# Solved: IPv6 Connectivity: Limited... Please help, IPCONFIG report included



## abie26 (Feb 13, 2006)

Vista Home Premium

I have tried to power cycle all my hardware (linksys router, nextnet modem and HP PC) but to no avail. I have tried direct connection of my modem to my PC and no change. Please review my ipconfig below and thanks in advance:

Microsoft Windows [Version 6.0.6001]
Copyright (c) 2006 Microsoft Corporation. All rights reserved.

C:\Users\Abie>ipconfig /all

Windows IP Configuration

Host Name . . . . . . . . . . . . : Mary-PC
Primary Dns Suffix . . . . . . . :
Node Type . . . . . . . . . . . . : Hybrid
IP Routing Enabled. . . . . . . . : No
WINS Proxy Enabled. . . . . . . . : No

Ethernet adapter Local Area Connection:

Connection-specific DNS Suffix . :
Description . . . . . . . . . . . : NVIDIA nForce Networking Controller
Physical Address. . . . . . . . . : 00-1E-90-07-46-DB
DHCP Enabled. . . . . . . . . . . : Yes
Autoconfiguration Enabled . . . . : Yes
Link-local IPv6 Address . . . . . : fe80::f056:c399:df90:3e76%8(Preferred)
IPv4 Address. . . . . . . . . . . : 192.168.1.101(Preferred)
Subnet Mask . . . . . . . . . . . : 255.255.255.0
Lease Obtained. . . . . . . . . . : August-16-08 12:16:38 PM
Lease Expires . . . . . . . . . . : August-17-08 12:16:41 PM
Default Gateway . . . . . . . . . : 192.168.1.1
DHCP Server . . . . . . . . . . . : 192.168.1.1
DNS Servers . . . . . . . . . . . : 66.165.220.2
66.165.220.3
NetBIOS over Tcpip. . . . . . . . : Enabled

Tunnel adapter Local Area Connection* 6:

Connection-specific DNS Suffix . :
Description . . . . . . . . . . . : Teredo Tunneling Pseudo-Interface
Physical Address. . . . . . . . . : 02-00-54-55-4E-01
DHCP Enabled. . . . . . . . . . . : No
Autoconfiguration Enabled . . . . : Yes
IPv6 Address. . . . . . . . . . . : 2001:0:4137:9e50:28c9:fed:bd5a:3182(Prefe
rred)
Link-local IPv6 Address . . . . . : fe80::28c9:fed:bd5a:3182%9(Preferred)
Default Gateway . . . . . . . . . : ::
NetBIOS over Tcpip. . . . . . . . : Disabled

Tunnel adapter Local Area Connection* 7:

Media State . . . . . . . . . . . : Media disconnected
Connection-specific DNS Suffix . :
Description . . . . . . . . . . . : Microsoft ISATAP Adapter
Physical Address. . . . . . . . . : 00-00-00-00-00-00-00-E0
DHCP Enabled. . . . . . . . . . . : No
Autoconfiguration Enabled . . . . : Yes


----------



## JohnWill (Oct 19, 2002)

You don't really need IPv6 for anything yet, I'd just disable it, as well as several other things.

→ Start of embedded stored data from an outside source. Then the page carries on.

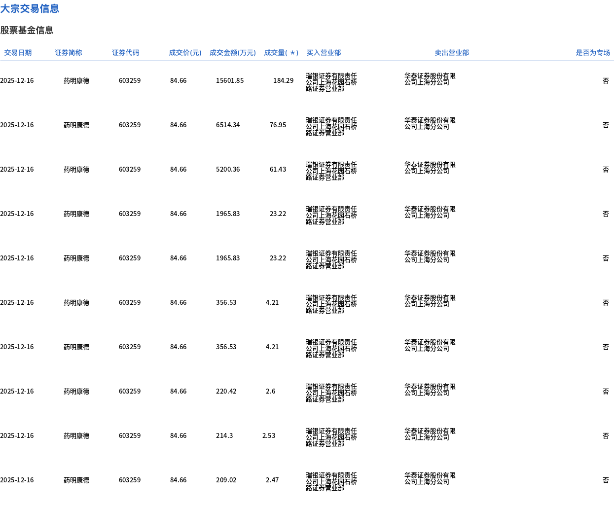 12月16日,药明康德大宗交易成交385.13万股,成交额3.26亿元,占当日总成交额的11.47%,成交价84.66元,较市场收盘价89.12元折价5%。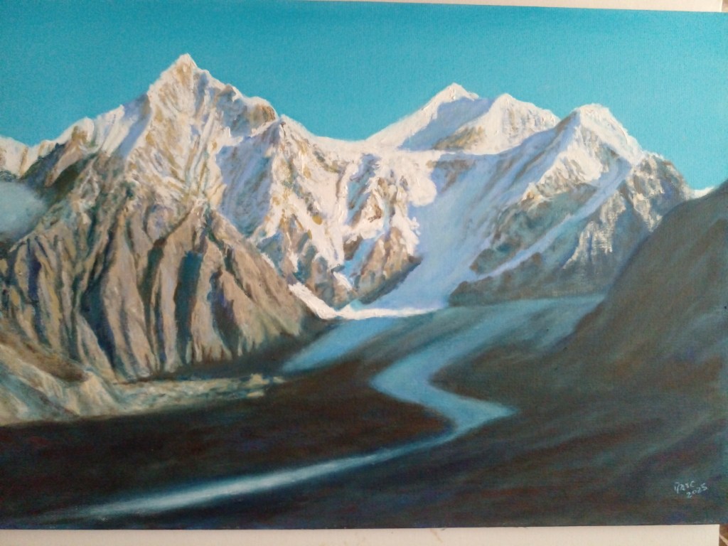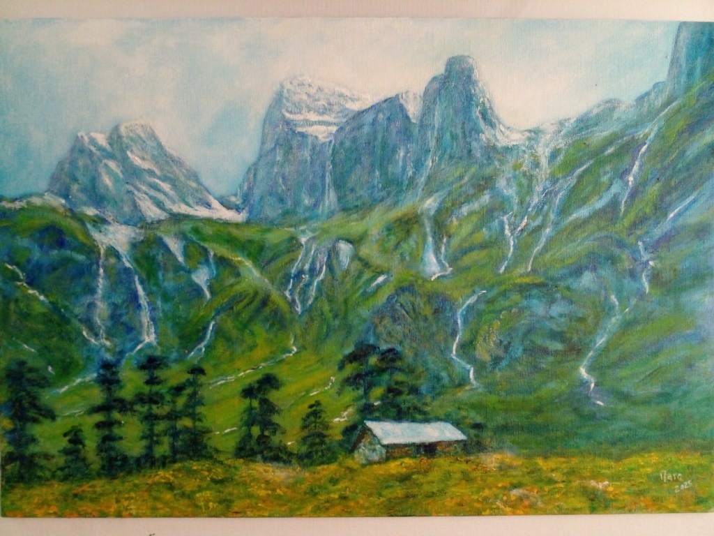 Oil on canvas board, average size 60x 40 cm. No particular technic, just a progression in several superimposed layers, more from feeling than “technical”.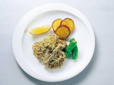 低エネルギーのささ身なら揚げ物でも安心です。おぼろ昆布をまぶしてうまみをアップさせます。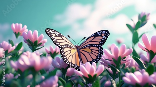 Fototapeta premium Colorful Butterfly Among Vibrant Spring Flowers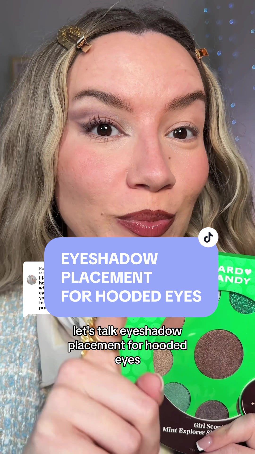 Replying to @dance_roxanne1 ✅EYESHADOW PLACEMENT FOR HOODED EYES✅ Would you wear this look!?️ Products I used: @Juvia’s Place eye base @Laura Mercier Cocoa liner USE CODE ANASTASIA20 @Hard Candy x Girl Scouts palette and mascara @Pat McGrath Labs undereye powder to set the lid #eyeshadowtutorial #hoodedeyes #hoodedeyesmakeup #makeuptutorial #makeup #makeuptips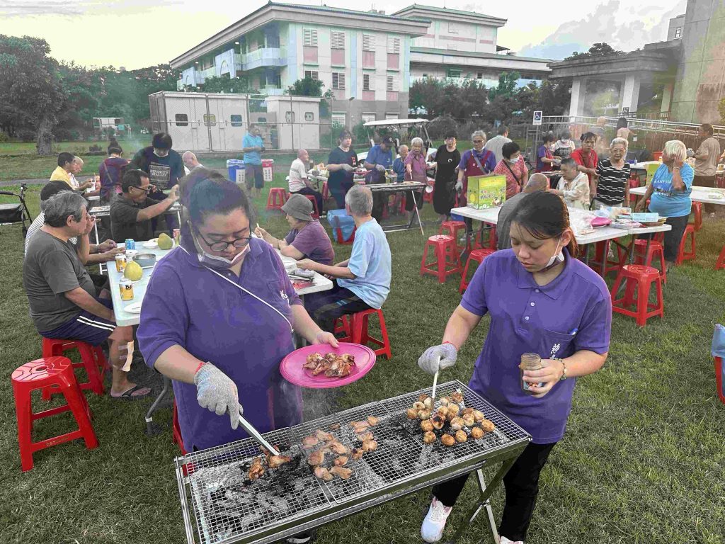 另外,中正堂前廣場則舉行熱鬧的烤肉聯誼活動,香氣四溢的烤肉串起住民長輩之間的情誼。活動特別安排安養堂住民一同在皎潔月光下烤肉,一邊享用美味餐點,一邊歡唱卡拉OK,讓大家彼此交流互動。養護堂則精心準備了烤雞、香腸與蔬菜湯等豐盛餐點,讓每位長輩都能享受美食,在溫馨的氣氛中共渡中秋佳節。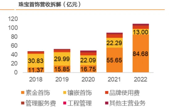 公司积极的调整业务结构,开始发力黄金首饰,导致黄金营收占比迅速提升,2022年营收占比提高到了76%,保持住了营收的持续增长。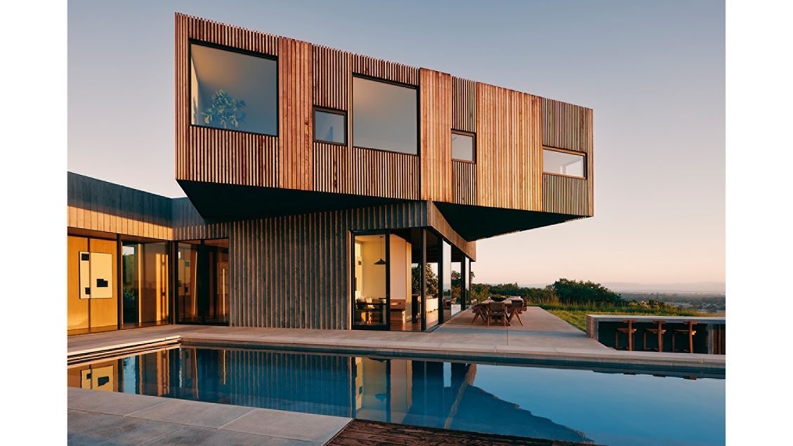 Giải pháp thiết kế: Các hộp lồng vào nhau tổ chức chương trình, xoắn lên trên trong khi bám vào cảnh quan và nhìn ra vịnh. Ngôi nhà chính phần lớn bị che khuất khi đến nơi, nhưng nó dần dần hiện ra khi du khách bước vào khu vực này. Các hình dạng trực giao được xoay để tạo ra tầm nhìn, tạo sân trong, che chắn khỏi ánh nắng mặt trời và mang lại sự tiếp xúc thay đổi với ánh sáng và cảnh quan.

Changes that may help to increase the compatibility of Vista with older networking devices:

*Disable the IP Helper service:*

1. Hold the Windows key and type R, enter "services.msc" (without the quotes) and press Enter
2. Scroll down to the IP Helper service, right click on it and select Properties
3. In the dropdown box that says "Automatic" or "Manual", set it to Disabled and then click on "Apply"
4. Then click on "Stop" to stop the service from running in the current session
5. Click OK to exit the dialog

*Disable IPv6:*

1. Hold the Windows key and type R, enter "*ncpa.cpl*" (without the quotes) and press Enter
2. Right click on each network connection and select "Properties"
3. Remove the checkmark from the box next to "Internet Protocol Version 6 (TCP/IPv6)
4. Click OK to exit the dialog

_NOTE: You should do this for each network connection._

*Disable the DHCP Broadcast Flag:*

Link: http://support.microsoft.com/default.aspx/kb/928233

 Hold the Windows key and type R, enter *regedit* and press Enter.
Locate and then click the following registry subkey:
HKEY_LOCAL_MACHINE\SYSTEM\CurrentControlSet\Services\Tcpip\Parameters\Interfaces\{GUID}
In this registry path, click the (GUID) subkey to be updated.
If the key DhcpConnForceBroadcastFlag does not exist, use the Edit menu, point to New, and then click DWORD (32-bit) Value. In the New Value #1 box, type DhcpConnForceBroadcastFlag, and then press ENTER. _If the key exists, skip this step_.
Right-click DhcpConnForceBroadcastFlag, and then click Modify.
In the Value data box, type 0, and then click OK.
Close Registry Editor.
_NOTE: You should do this for each and every GUID subkey._
NOTE2: (GUID) is a mnemonic for the individual subkeys, the actual text "GUID" does not appaer.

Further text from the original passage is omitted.